Thursday, February 19, 2009

Too much pain

Over the years of blogging, I have realized something.
There is SO much pain out there.
I have read through so many people's experiences, challenges and heartbreaks, it tears me apart.
In my own little world, difficulties arise, deaths happen and heartaches happen too, but not so much and not too often, you know?
I have lost family members (my uncle recently), my friends experience miscarriages, and infertility, people around me loose loved ones in tragic and unexpected ways, I have issues to deal with in my own family, drugs, alcohol, suicide attempts.
I deal with it and get over it.

But since I have been blogging, I have had to hear about people loosing babies much more frequently than Id like to, people loosing babies full term, people loosing loved ones to cancer, children suffering from sickness....the list goes on.
I even know of a person who stopped blogging because of this issue.
The heartache is too much.

And to clarify, yes we hear of good things too.
Miracles, people helping others, praise reports, the list goes on here too.

I just wish I was as effected by the good and I was the bad.

I just read about a little 7 year old that died this year due to cancer, and I just cannot fathom my little girl, or boy going through that, it just isn't fair.
I cry a plead with God to never take my children away.
But the truth is NO ONE is exempt from these things happening. It could happen to us, to my best friends kids, to me.

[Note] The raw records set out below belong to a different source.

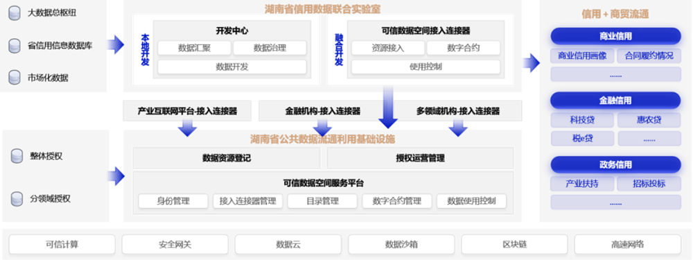 拟计划由湖南省发展改革委牵头,联合湖南数据产业集团、高校、金融机构、各市场主体等单位共同组建“湖南信用数据联合实验室”,依托省社会信用信息共享平台、省公共数据流通利用基础设施,利用可信数据空间等技术,以“破解中小微企业融资难”为切入点,赋能“湘信贷”平台健康高效运营,创新企业融资模式。在夯实“信用+金融”应用基础上,同步开展公共数据授权运营,加快创新“信用+”场景,深化数据价值挖掘,建立健全社会信用体系。
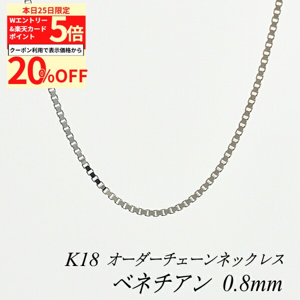 【20%OFFクーポン+Wエントリー&楽天カードでP5倍23:59まで】18金 ネックレス ベネチアンチェーン 0.8mm 長さ選べるオーダーチェーン 40cm〜120cm 45cm 50cm 55cm 60cm 18金 K18 18K ホワイトゴールド 180日間お修理保証 122,073 ~
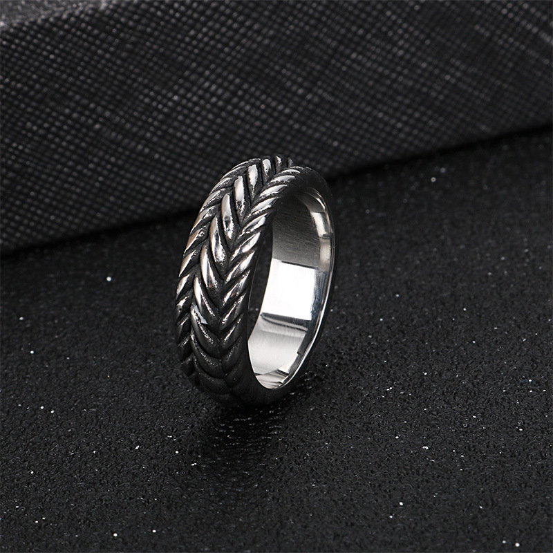 Retro personality mesh woven men's ring titanium steel woven men's ring

It is scary. But my HOPE is in Him.

5 comments:

Wendy said...

I know...

I almost just got out of the blogging world. I just felt like every time I logged on something so horrible was happening. It was beginning to effect me so I wanted to step back. Then I realized how blessed I was to be there to support these families in some small way.

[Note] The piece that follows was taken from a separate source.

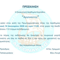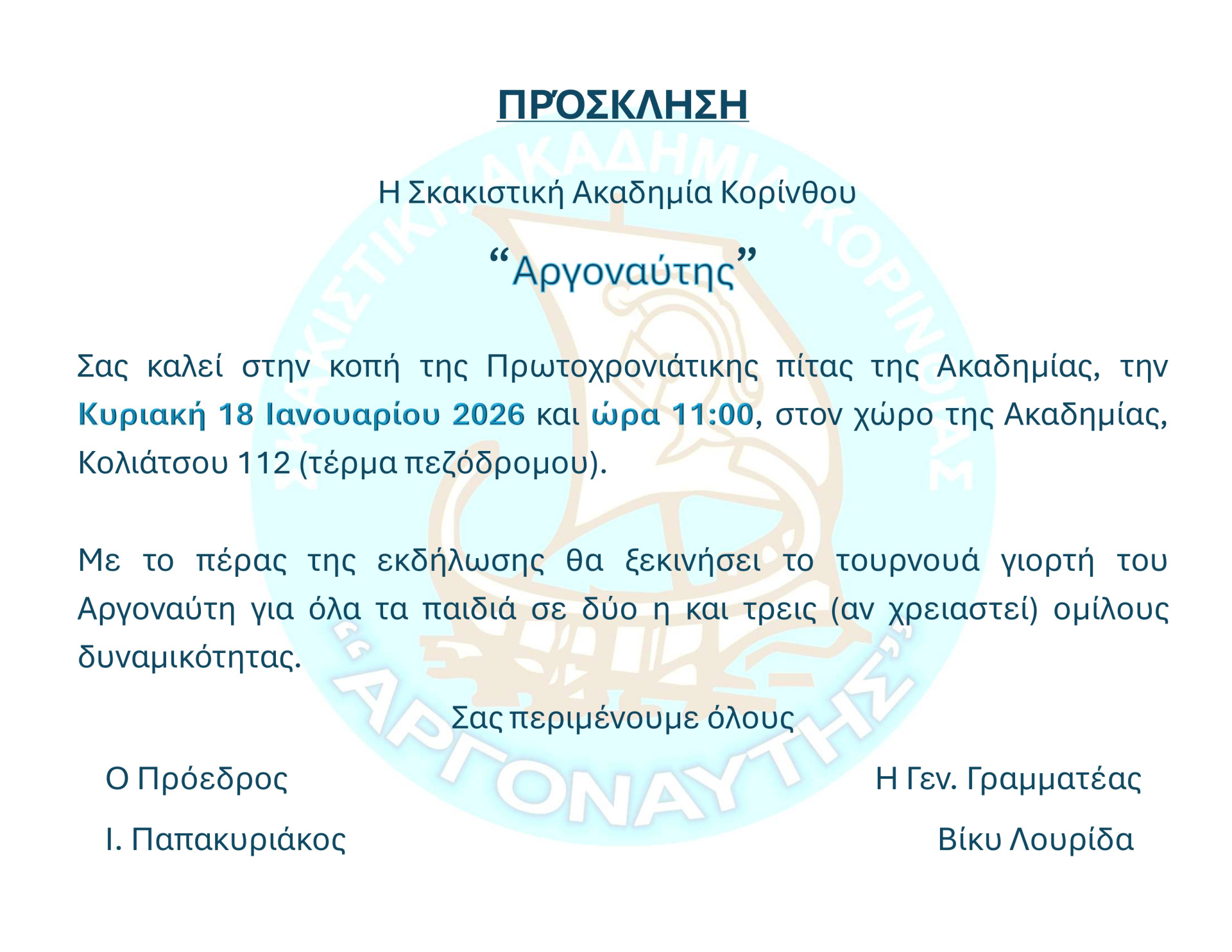 Σας καλούμε στην κοπή της Πρωτοχρονιάτικης πίτας της Ακαδημίας, την Κυριακή 18 Ιανουαρίου 2026 και ώρα 11:00, στον χώρο της Ακαδημίας, Κολιάτσου 112 (τέρμα πεζόδρομου).

Really makes me see how truly blessed I have been.

amy said...

this is a tough one. we don't want to live in a bubble, yet we aren't meant to feel every pain and carry every burden.

FlipFlop Mom said...

yes we have to keep our Hope with him and remember that our kids are out on loan to us....
I've read many a blogs as well that have heartache and sadness... and I read many that bring hope and miracles...

Renata said...

No one wants to experience pain. Even Christ said, "Father, take this cup from me, but not my will but thine". But you summarized it well that our hope should be is in HIM.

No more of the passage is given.